TASK ->
Repeat exactly the lines of the entries below from the one with "8-inch national trend" through the one with "本次签约仪式还安排了双方第一", both ends included, and nothing else.

EXERCISE INPUTS ->
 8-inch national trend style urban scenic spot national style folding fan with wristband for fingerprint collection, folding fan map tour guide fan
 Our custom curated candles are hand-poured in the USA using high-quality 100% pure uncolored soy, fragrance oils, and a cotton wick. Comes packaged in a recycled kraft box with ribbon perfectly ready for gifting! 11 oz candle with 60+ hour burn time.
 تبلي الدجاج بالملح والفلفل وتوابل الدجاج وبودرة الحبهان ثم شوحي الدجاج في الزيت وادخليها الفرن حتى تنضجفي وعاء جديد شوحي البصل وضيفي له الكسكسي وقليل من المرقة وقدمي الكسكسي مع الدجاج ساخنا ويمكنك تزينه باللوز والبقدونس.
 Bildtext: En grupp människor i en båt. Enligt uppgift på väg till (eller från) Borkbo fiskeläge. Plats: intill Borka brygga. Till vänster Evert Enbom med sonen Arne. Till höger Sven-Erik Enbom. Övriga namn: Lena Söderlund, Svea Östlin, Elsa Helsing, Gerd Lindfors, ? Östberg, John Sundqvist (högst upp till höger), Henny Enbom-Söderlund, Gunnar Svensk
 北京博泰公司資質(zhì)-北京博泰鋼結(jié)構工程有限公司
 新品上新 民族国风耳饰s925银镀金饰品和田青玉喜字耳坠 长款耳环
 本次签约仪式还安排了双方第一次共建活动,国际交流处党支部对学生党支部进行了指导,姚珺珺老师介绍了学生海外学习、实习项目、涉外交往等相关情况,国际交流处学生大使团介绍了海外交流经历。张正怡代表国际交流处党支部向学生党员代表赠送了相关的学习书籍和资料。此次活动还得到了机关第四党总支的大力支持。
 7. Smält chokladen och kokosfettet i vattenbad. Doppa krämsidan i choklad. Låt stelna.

...

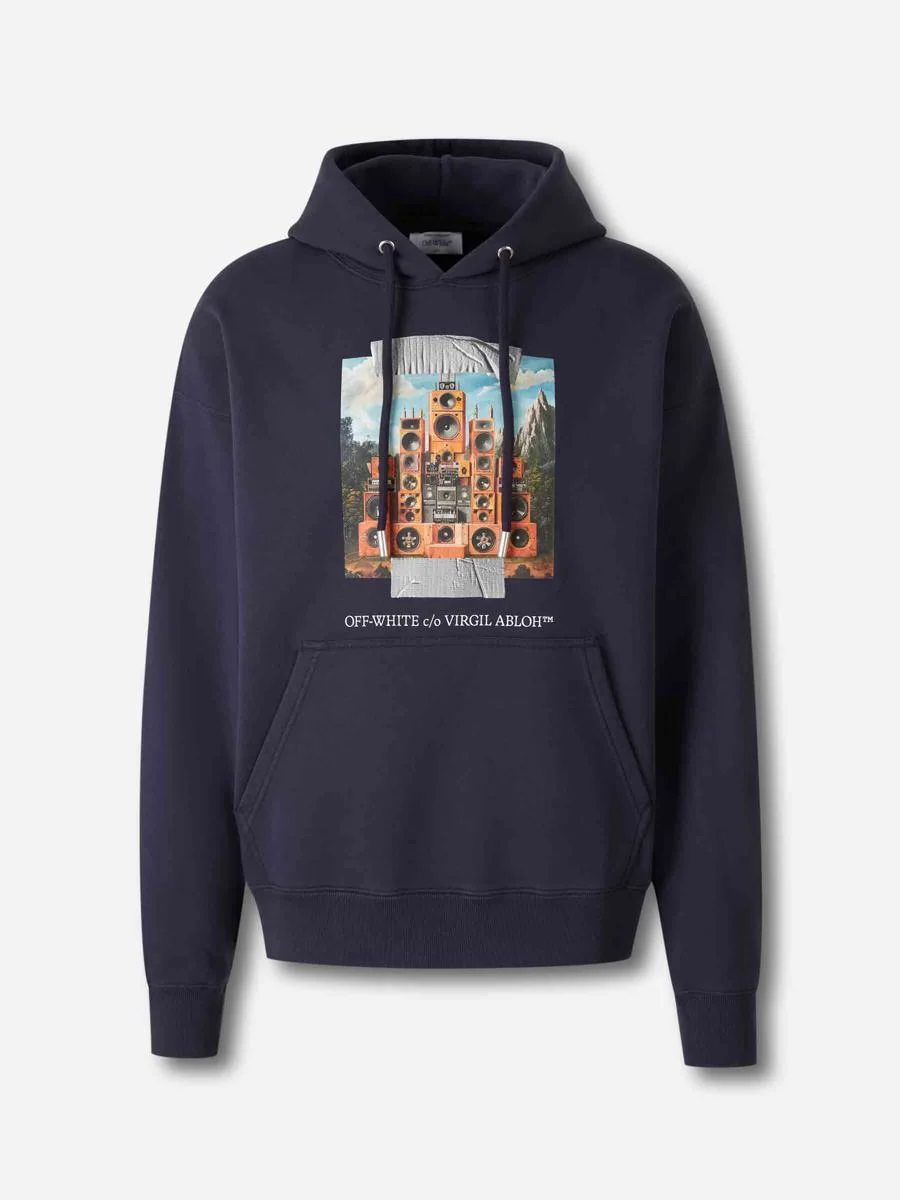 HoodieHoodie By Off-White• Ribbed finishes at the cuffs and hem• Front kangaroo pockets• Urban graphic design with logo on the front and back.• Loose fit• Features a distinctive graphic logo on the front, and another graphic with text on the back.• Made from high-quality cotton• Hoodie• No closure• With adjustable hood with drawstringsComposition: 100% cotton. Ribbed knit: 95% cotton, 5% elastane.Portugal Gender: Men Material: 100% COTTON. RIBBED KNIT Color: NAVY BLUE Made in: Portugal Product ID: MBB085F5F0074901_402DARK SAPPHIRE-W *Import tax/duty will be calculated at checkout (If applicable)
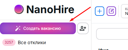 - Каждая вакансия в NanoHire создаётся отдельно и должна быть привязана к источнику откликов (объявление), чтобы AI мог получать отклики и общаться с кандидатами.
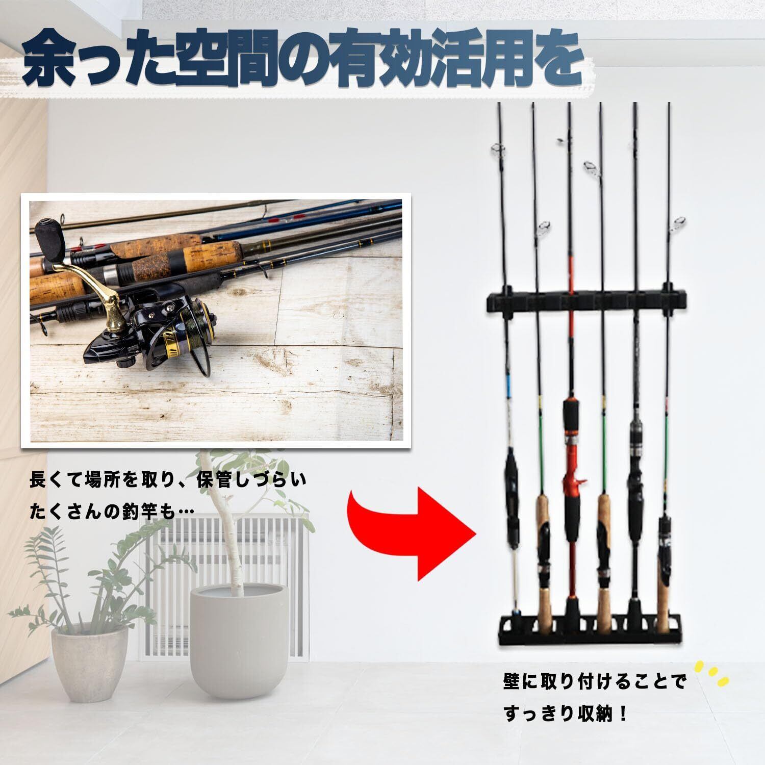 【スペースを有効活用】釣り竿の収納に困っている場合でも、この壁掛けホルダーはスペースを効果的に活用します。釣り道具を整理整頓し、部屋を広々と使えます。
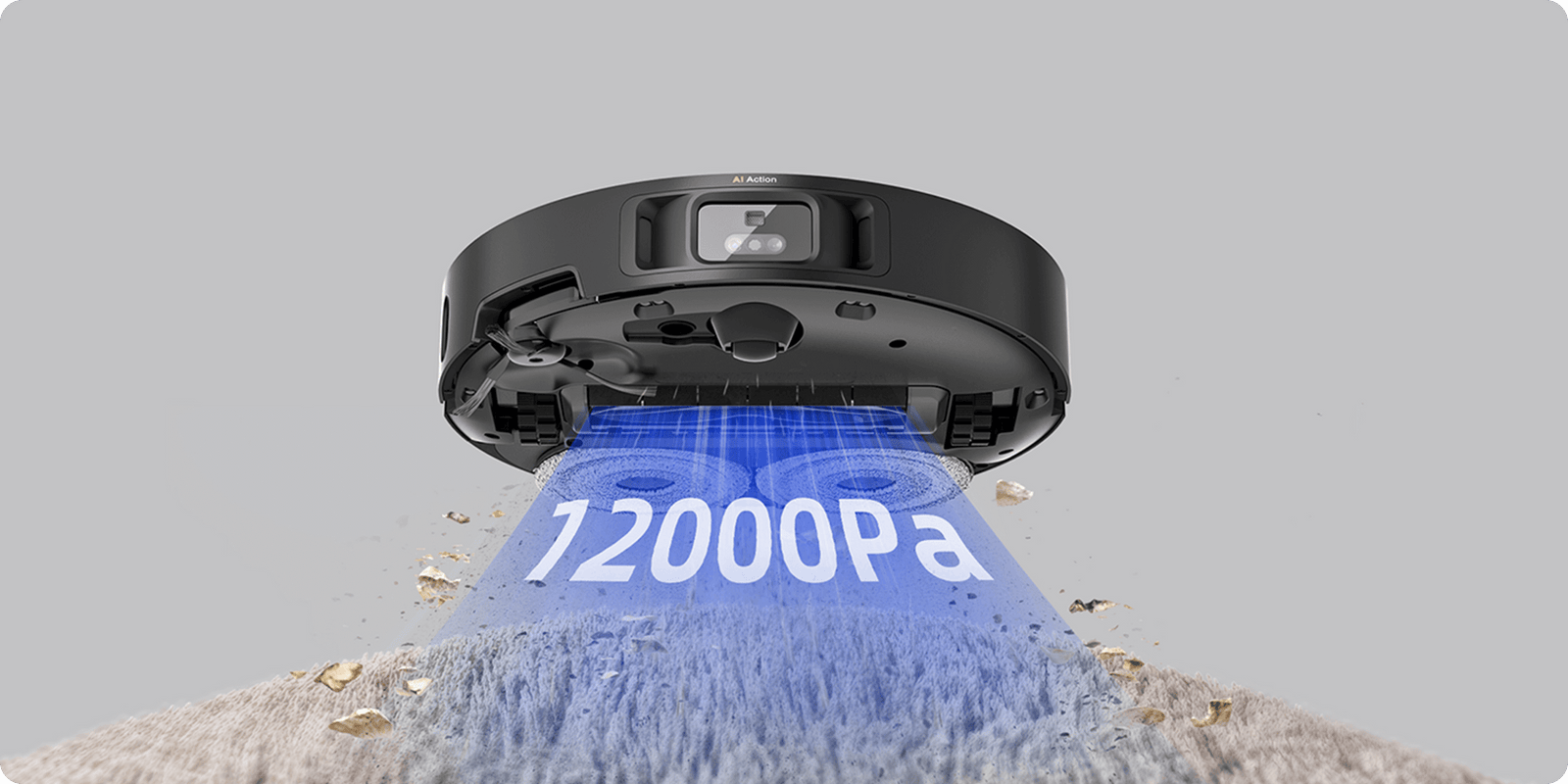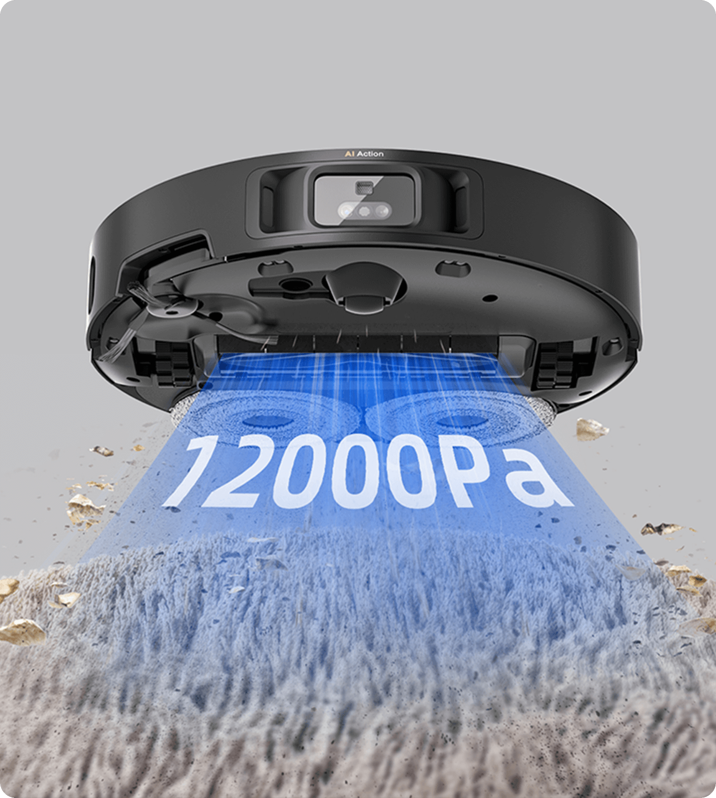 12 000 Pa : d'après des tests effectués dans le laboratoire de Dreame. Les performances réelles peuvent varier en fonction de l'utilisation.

RESULT OF THIS EXERCISE ->
 8-inch national trend style urban scenic spot national style folding fan with wristband for fingerprint collection, folding fan map tour guide fan
 Our custom curated candles are hand-poured in the USA using high-quality 100% pure uncolored soy, fragrance oils, and a cotton wick. Comes packaged in a recycled kraft box with ribbon perfectly ready for gifting! 11 oz candle with 60+ hour burn time.
 تبلي الدجاج بالملح والفلفل وتوابل الدجاج وبودرة الحبهان ثم شوحي الدجاج في الزيت وادخليها الفرن حتى تنضجفي وعاء جديد شوحي البصل وضيفي له الكسكسي وقليل من المرقة وقدمي الكسكسي مع الدجاج ساخنا ويمكنك تزينه باللوز والبقدونس.
 Bildtext: En grupp människor i en båt. Enligt uppgift på väg till (eller från) Borkbo fiskeläge. Plats: intill Borka brygga. Till vänster Evert Enbom med sonen Arne. Till höger Sven-Erik Enbom. Övriga namn: Lena Söderlund, Svea Östlin, Elsa Helsing, Gerd Lindfors, ? Östberg, John Sundqvist (högst upp till höger), Henny Enbom-Söderlund, Gunnar Svensk
 北京博泰公司資質(zhì)-北京博泰鋼結(jié)構工程有限公司
 新品上新 民族国风耳饰s925银镀金饰品和田青玉喜字耳坠 长款耳环
 本次签约仪式还安排了双方第一次共建活动,国际交流处党支部对学生党支部进行了指导,姚珺珺老师介绍了学生海外学习、实习项目、涉外交往等相关情况,国际交流处学生大使团介绍了海外交流经历。张正怡代表国际交流处党支部向学生党员代表赠送了相关的学习书籍和资料。此次活动还得到了机关第四党总支的大力支持。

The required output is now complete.